When Montana first set out to improve its public health system in the mid-1990s, it was not with workforce training in mind. Rather, the focus was decidedly outward. Wanting to shed the sense of invisibility felt during the health care reform debates, Montana's public health reformers simply wanted policy makers and citizens to make note of the value and role of its public health system and to provide adequate funding for it. It was, and remains, a valid goal. But after relatively unsuccessful attempts to dazzle the public with tales of the importance of public health, the newly created Montana Public Health Improvement Task Force realized one immediate problem that demanded a more inward focus: the public health workforce's own lack of understanding of the broader public health system and the workforce's inadequate and inconsistent public health training. With new insight, the task force called for a systematic, planned approach to improving the state's public health workforce, and the Montana Public Health Training Institute came into being.
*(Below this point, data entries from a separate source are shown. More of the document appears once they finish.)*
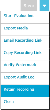 To override the scheduled deletion date open the drop down menu located at the top right of the recording details tab and click the Retain Recording menu item.
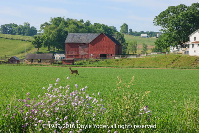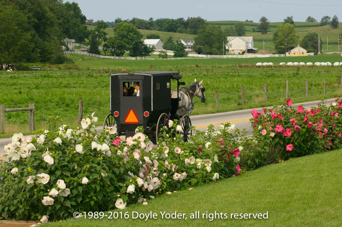 Ura D Miller roadcart going past Set Dannys flowers with white barn behind
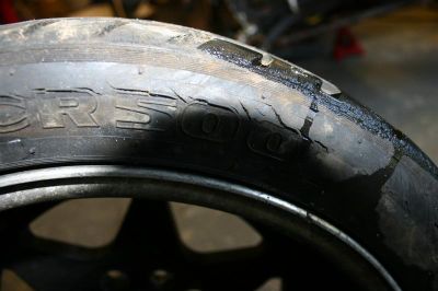 tyre would be OK until I looked at the inside. The wing stay had been crushed
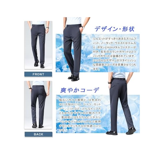 [HMT] スラックス メンズ ズボン 夏服 冷感パンツ スーツパンツ 接触冷感 薄手 ロングパンツ メンズ ビジネス 仕事着 パンツ ノータック ストレッチ ウォッシャブル スリム 美脚 大きいサイズ 春 夏 | TREND DESIGN 家電専門店
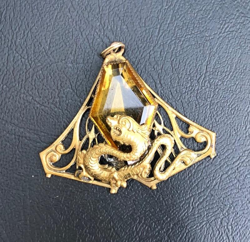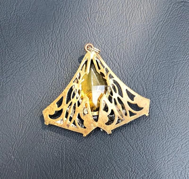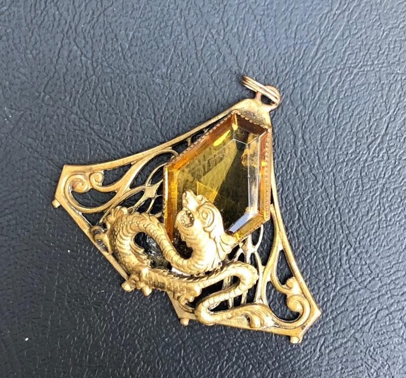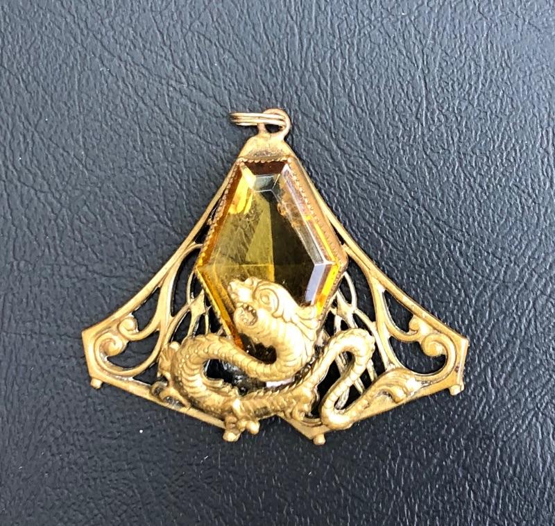 Unique Art Nouveau Style Brass Pendant with Large Yellow Glass Stone and Griffin.
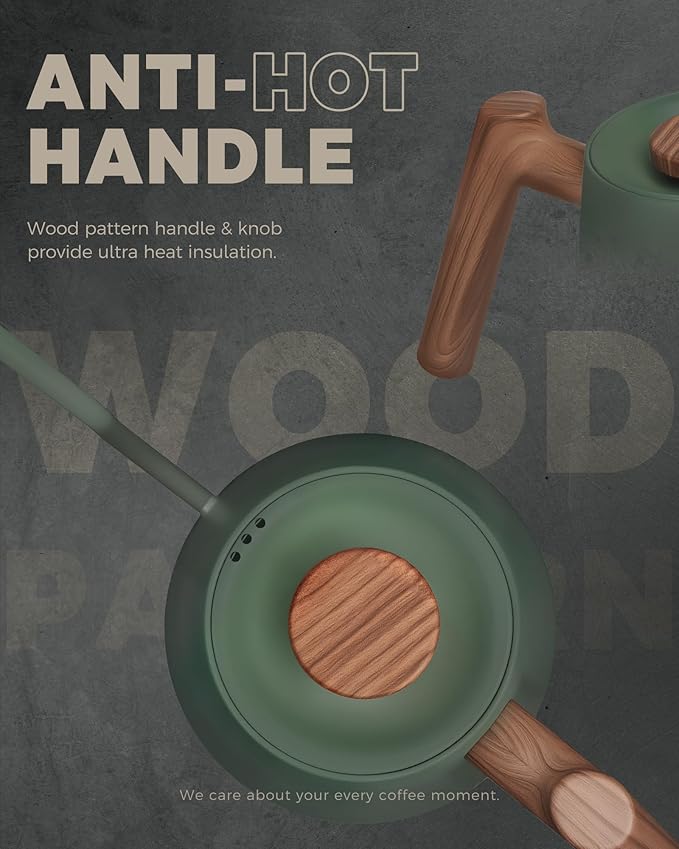 - STYLISH DESIGN WITH WOOD PATTERN HANDLE: This 34oz tea kettle features an ergonomic wood grain heat-resistant handle for comfortable pouring, alongside an easy-to-read LED display that shows real-time temperature readings, ensuring precise brewing without guesswork.

This is the story of its making.

 

This article describes Montana's initial efforts to advance its public health infrastructure through a public health improvement planning process and core functions review and its subsequent work in strategically examining the broader public health system. Finally, the article addresses the planning and designing of a training institute for Montana's public health workforce. Montana's experiences may be useful for other public health practitioners as they work with policy makers, educators in schools of public health, state officials, and community partners in developing workforce development initiatives. Lessons can be learned about developing strategic state, regional, and national alliances in implementing public health improvement planning efforts.